As the United States Postal Service (USPS) continues to face a significant uphill fiscal battle, a bill passed by the U.S. Senate this week aims to get it on better financial footing.
The bill, entitled The 21st Century Postal Service Act (S. 1789), passed by a 62-37 margin.
The main objectives of the bipartisan bill, which was sponsored by Sen. Joe Lieberman (I-Conn.), chairman of the Homeland Security and Governmental Affairs Committee, and Senator Susan Collins (R-Maine), Senator Tom Carper (D-Del.) and Senator Scott Brown (R-Mass.), in order to help the USPS become financially solvent include:
-giving the Postmaster General access to money USPS has overpaid into one of its retirement funds to provide incentives to encourage 100,000 eligible employees to retire. This would help voluntarily “right-size” the workforce to take into account the steep decline in first class mail volume in recent years;
-reducing the amount of money that USPS has to prefund for retiree health benefits by amortizing the costs over 40 years and calculating those costs more appropriately;
-retaining overnight delivery of first class mail, but limit it in some cases to shorter geographic distances;
-preventing the Postal Service from going to five-day delivery for the next two years and require it to exhaust all other cost-saving measures first;
-requiring USPS to set standards for retail service across the country, consider several alternative options before closing post offices, and provide for increased opportunity for public input;
-allowing USPS to sell non-postal products and services in appropriate cases;
-allowing USPS to ship beer, wine, and distilled spirits.

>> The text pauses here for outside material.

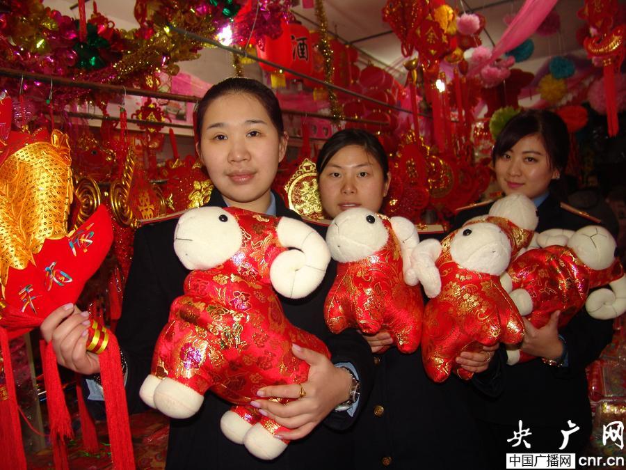 央廣網(wǎng)長沙2月9日消息(記者鄧文輝 通訊員孫豪 薛題泰攝)羊年春節(jié)近,送飾品羊等忙。2月9日,湖南懷化火車站休班的女客運(yùn)員,正在為節(jié)日當(dāng)班的農(nóng)民工購買飾品綿羊等年貨。佳節(jié)近,懷化站有的職工自發(fā),為過年當(dāng)班的農(nóng)民工送飾品、年畫、燈籠、春聯(lián)、窗花、水餃等,也為車站“為農(nóng)民工春節(jié)送溫暖”活動,增添喜慶、溫暖、濃濃“年味”。

-creating a Chief Innovation Officer to foster innovation at USPS
-reforming the Federal Employees Compensation Act, the federal workers’ compensation program; and
-the bill expands the alternatives USPS must consider before closing a post office and it establishes a Strategic Advisory Commission, to be composed of prominent citizens and charged with developing a new strategic blueprint for the Postal Service.

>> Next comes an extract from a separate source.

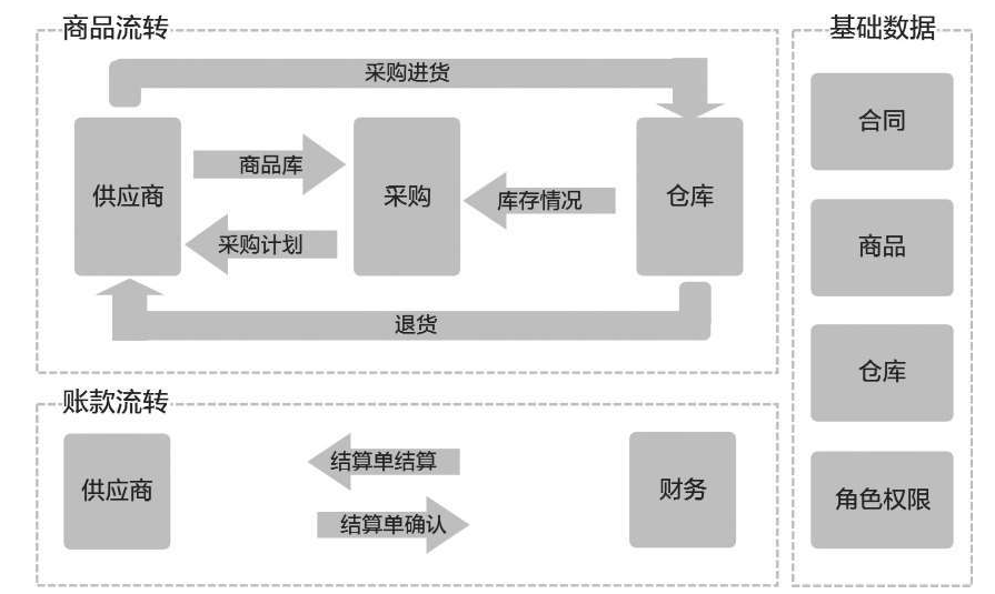 我們可以看到,上述的流轉(zhuǎn)包括商品流轉(zhuǎn)和賬款流轉(zhuǎn)。其中,商品流轉(zhuǎn)是指供應(yīng)商與倉(cāng)庫(kù)屬于供給雙方,采購(gòu)負(fù)責(zé)根據(jù)倉(cāng)庫(kù)和商品需求簽約供應(yīng)商,并根據(jù)倉(cāng)庫(kù)庫(kù)存提交采購(gòu)計(jì)劃。商品計(jì)劃通過(guò)采購(gòu)提交給供應(yīng)商后由供應(yīng)商完成配送,同時(shí)也對(duì)倉(cāng)庫(kù)退貨進(jìn)行管理。在整個(gè)過(guò)程中會(huì)產(chǎn)生采購(gòu)流程和退貨流程,參與的角色包括供應(yīng)商、采購(gòu)和倉(cāng)庫(kù)。賬款流轉(zhuǎn)主要指財(cái)務(wù)根據(jù)賬期對(duì)供應(yīng)商進(jìn)行結(jié)款,結(jié)算主要依存于雙方對(duì)結(jié)算單的確認(rèn)核對(duì),財(cái)務(wù)按照確認(rèn)后的結(jié)算單的賬單金額進(jìn)行支付??偨Y(jié)下來(lái),采購(gòu)的業(yè)務(wù)流程主要有3個(gè):采購(gòu)流程、退貨流程和財(cái)務(wù)結(jié)算。支撐這些流程流轉(zhuǎn)的基礎(chǔ)數(shù)據(jù)是所有單據(jù)的信息來(lái)源,包括合同、商品和倉(cāng)庫(kù)信息等。按照上面講的基礎(chǔ)數(shù)據(jù)、采購(gòu)、退貨和財(cái)務(wù)結(jié)算4個(gè)部分,我們來(lái)看一下每個(gè)部分都有哪些需要注意的內(nèi)容。

“This is an important victory for the U.S. Postal Service, the American economy, and customers who rely on dependable and universal postal service,” Senator Collins said in a statement. “In recent months, we have seen the Postal Service announce a number of draconian measures including the intent to close hundreds of processing plants and implementing disastrous service standard changes. Our bill takes a far better approach that helps the Postal Service right size its excess capacity, while still maintaining what is one of the most valuable assets to the Postal Service: its ability to deliver mail overnight to many areas.”
One of the primary drivers for the USPS’s fiscal issues is the ongoing diversion of mail from paper to electronic communications and its Congressionally-mandated 10-year payment schedule at an average of about $5.5 billion per year to create a fund to pay future retiree health benefit premium, among others.

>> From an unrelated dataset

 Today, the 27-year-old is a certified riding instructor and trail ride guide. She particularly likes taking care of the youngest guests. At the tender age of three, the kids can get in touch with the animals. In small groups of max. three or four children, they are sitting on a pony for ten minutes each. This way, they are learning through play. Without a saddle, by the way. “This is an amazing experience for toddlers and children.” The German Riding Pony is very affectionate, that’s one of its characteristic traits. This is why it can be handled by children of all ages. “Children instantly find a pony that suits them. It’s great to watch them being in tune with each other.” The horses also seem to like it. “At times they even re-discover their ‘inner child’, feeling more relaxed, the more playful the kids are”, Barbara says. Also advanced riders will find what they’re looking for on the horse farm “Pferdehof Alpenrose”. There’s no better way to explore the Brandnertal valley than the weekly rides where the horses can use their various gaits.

In February, the USPS said it projected its net losses would hit $21 billion by 2016.
On several occasions in the 14 months the USPS has repeatedly that it wants to reduce annual costs by at least $20 billion by 2015.
And in March, the USPS publicly released updates to this plan to reduce annual costs, which include new financial projections and suggestions for legislative reforms, too.
Along with its goal of $20 billion in annual reductions by 2015, the USPS would like to see annual savings rise to $22 billion by 2016. USPS officials said these cost reduction goals are necessary, due to its projected declines in First Class Mail volumes, which have fallen precipitously in recent years and represent 44 percent of total USPS volume, due to the aforementioned ongoing diversion of mail from paper to electronic communications, including e-mailing business documents and online purchasing orders, as well as other electronic mailing processes. First Class mail volumes have decreased by 25 percent since 2006.
“The plan we have developed requires a combination of aggressive cost reduction, rethinking the way we manage our healthcare costs, and comprehensive legislation to reform the business model of the Postal Service,” said Postmaster General, Patrick Donahoe in a March statement. “If provided the flexibility to quickly implement this plan, we can return to profitability and better serve the American public. If not, we risk becoming a significant burden to the American taxpayer.”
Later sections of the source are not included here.